Not My Circus, Not My Monkey
I was out with my family a few weeks ago. I saw something my brother was doing that I didn’t agree with so I turned to my Mom and said, “why is he doing that?” My Mom looked at him, looked back at me, shrugged, and said something that I will never forget.
“Not my circus, not my monkey.”
I thought, wow that’s a badass way to avoid getting tangled up in what other people are doing. It’s also super ironic because my brother is in fact, her monkey. But that’s neither here nor there.
Since I heard her say that, I haven’t stopped thinking about situations that are not my circus, not my monkey. And to be honest, I’ve found myself saying it a whole lot. There is so much that happens on a daily basis that I don’t need to concern myself about or get involved with. That healthy separation is a game changer and can really cut out a giant amount of crap that is flat out not yours to concern yourself with. This funny saying is really reminding me to not take on the responsibility of what others are thinking, feeling or doing. It’s not my responsibility to take that on and it’s certainly not selfish of me to cross off “making sure others are cool with what I do with my life” on my to-do list.

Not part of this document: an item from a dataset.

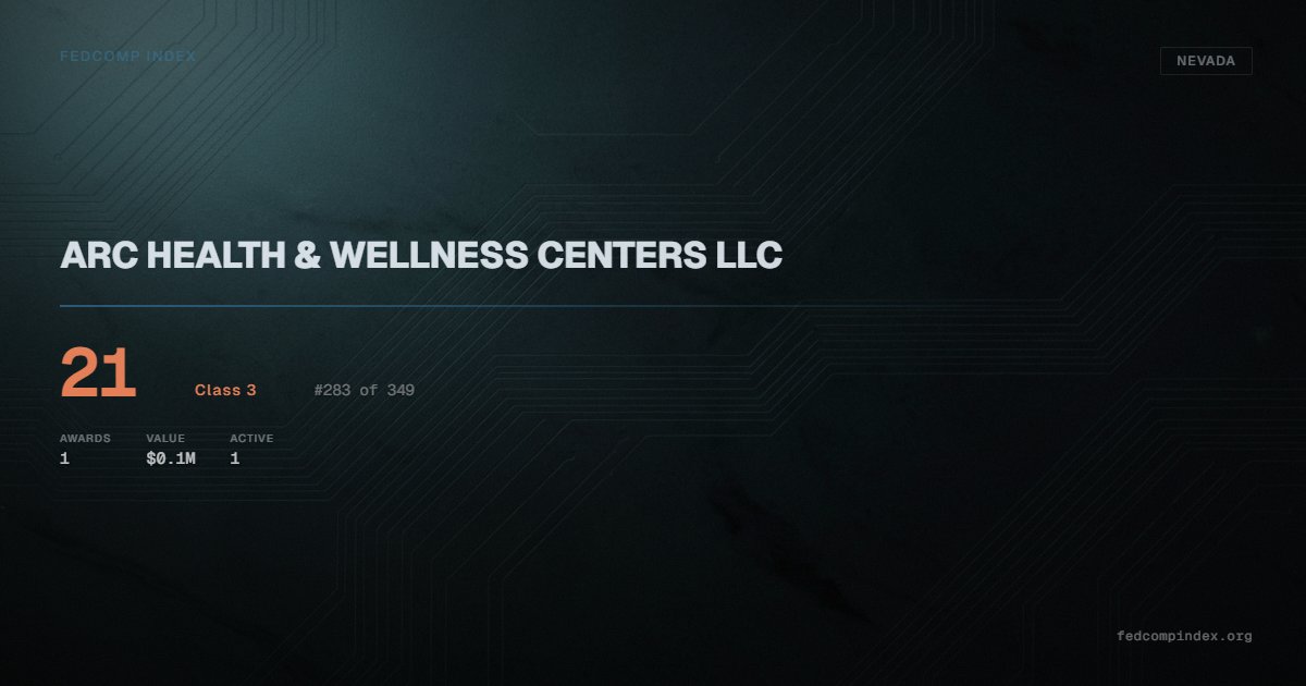 ARC HEALTH & WELLNESS CENTERS LLC holds position #283 among 349 Nevada federal contractors scored by the FedComp Index at 21. Contract records show $0.1M in federal awards over the five-year scoring window. All recorded awards come from Department of Defense. One contract currently active. Last recorded award dates to 2024. Closest competitor by award overlap is MY NEXT CAREER PATH STAFFING LLC.

As someone who prefers Feeling over Thinking, this is something I have always struggled with. I seek harmony. I want everyone to be okay, be on the same page, be on board. In my worst ways of seeking this harmony, I tend to make myself irrelevant. In accommodating the needs of the group, I can get to the point where I don’t accommodate my own needs - or worse, I don’t even take the time to check in and identify what my needs are. Making myself relevant, staying in my lane and really identifying what is mine to be concerned with is something I work hard at every single day. I have progress to make but in the work I have done so far in this area, it has become more natural for me to have a not my circus, not my monkey kinda vibe.
I want you to think about the times you took on the responsibility of what other people are thinking. I’ll give you a hint: it’s anytime you start a sentence with:
“I don’t want you to think…”
“I hope you’re not thinking…”
In that scenario, you’re taking on the responsibility of what the other person is going to think or feel. You’re trying to manipulate the situation so that they are thinking and feeling the exact same way you want them to feel. When in fact, it’s not your responsibility. People are going to think and feel however they are going to think and feel. Why use your limited energy to try and control something that is out of your hands?
Meanwhile, when we shift the focus back on you - you are an afterthought for yourself. Do you care about what you think? Do you care about what you feel? You’re probably not grounded in these areas if you’re busy taking on the responsibility of what other people are thinking, feeling and doing. Repeat after Trish. Not my circus, not my monkey.
It sounds simple but shifting your mindset to be less focused on others can be a lot of work, especially if this is something you’ve gotten in the habit of doing. And if you’re a human being living on planet Earth, chances are you’re caught in this habit to some degree. But being conscious about your thoughts and actions, why they’re there and who they’re serving can move you towards a healthier mindset.
I challenge you to become aware of this for the next 7 days. Simply notice when this shows up. Even if you’re reading this and thinking, “I don’t care about what other people think.” Trust me, and try to notice the times when you do. Notice the times you start to find yourself concerned about what others are thinking, feeling or doing. Write them down. Don’t try to fix it all yet, simply notice for now.
Are you noticing you’re worried about what coworkers, friends or family will think of something you say or do? Are you taking on the responsibility of someone else being okay or happy with a decision you make? Let’s get clear on these areas where you’re taking on responsibility you should not be taking on. Because how can we rewrite our script if we don’t know the existing script?
This all seems so simple, but as a society we are all programmed this way. We get the degree because we want to make sure our parents proud. We stay in a job we hate because we don’t know what our coworkers would do without us. We go to events we don’t want to go to because we’re worried about hurting the host’s feelings. This shows up everywhere in our lives, down to the most minuscule details.
When in reality, our one and only job is to focus on what’s serving you and what is true to you.
Everything else? Not your circus, not your monkey.